Saving the above script as geve.py and executing it in terminal as "$ python geve.py" .This will fire up the gevent's server as loopback interface at port 8912.Now comes ab(Apache benchmark).In another terminal window I type this

ab -n 1000 -c 100 http://localhost:8912/ (and hit enter)

The above line runs ab with 1000 requests(-n) throwing 100 requests concurrently(-c) onto the server.You can vary the numbers depending upon your operating systems capability.Check the row saying "Time taken for tests: " mine says 0.201s.

Now Eventlet:

1: import eventlet
2: from eventlet import wsgi
3: def app(environ,start_response):
4: start_response("200 OK",[("Content-Type","text/plain")])
5: return "Hello World\n" 6: if __name__=="__main__":
7: wsgi.server(eventlet.listen(("localhost",6785)),app)

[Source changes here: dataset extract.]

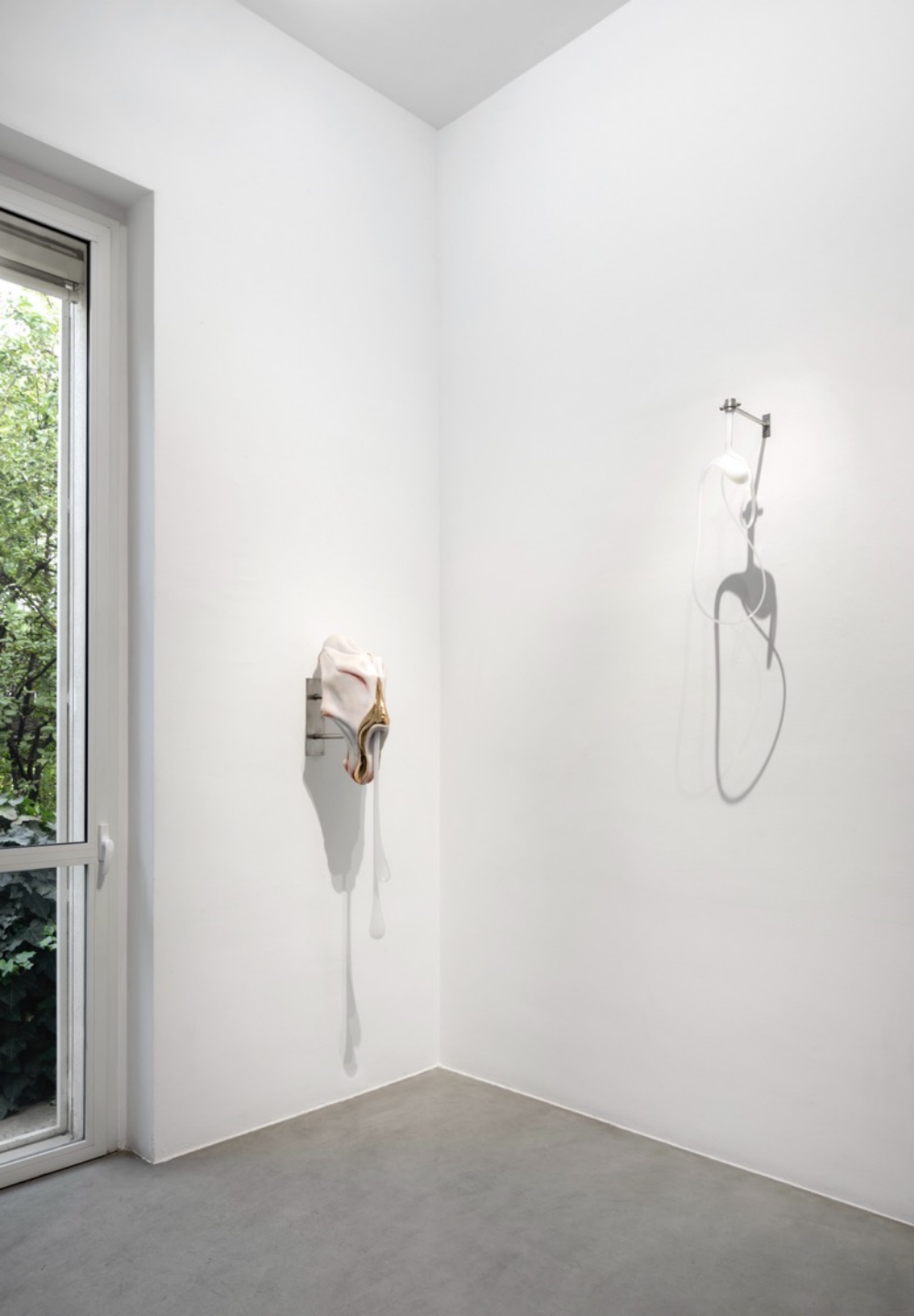
Second best scenario, 2022 Installation view at Francesca Minini, Millan
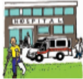
In a hospital

Saved as eve.py and then running with ab, result was 0.450s.(note the difference)

Last but not the least Node.js:

 var http=require("http");  
 http.createServer(function(req,res){  
      res.writeHead(200,{"Content-Type":"text/plain"});  
      res.end("Hello World\n");  
 }).listen(9124,"localhost");   
 console.log("The sweet thing is running on http://localhost:9124");  

The result was 0.172s (okay so this is the definition of awsome).

The analysis was carried out on Ubunut(10.10).Feel free to leave comments and share your experience.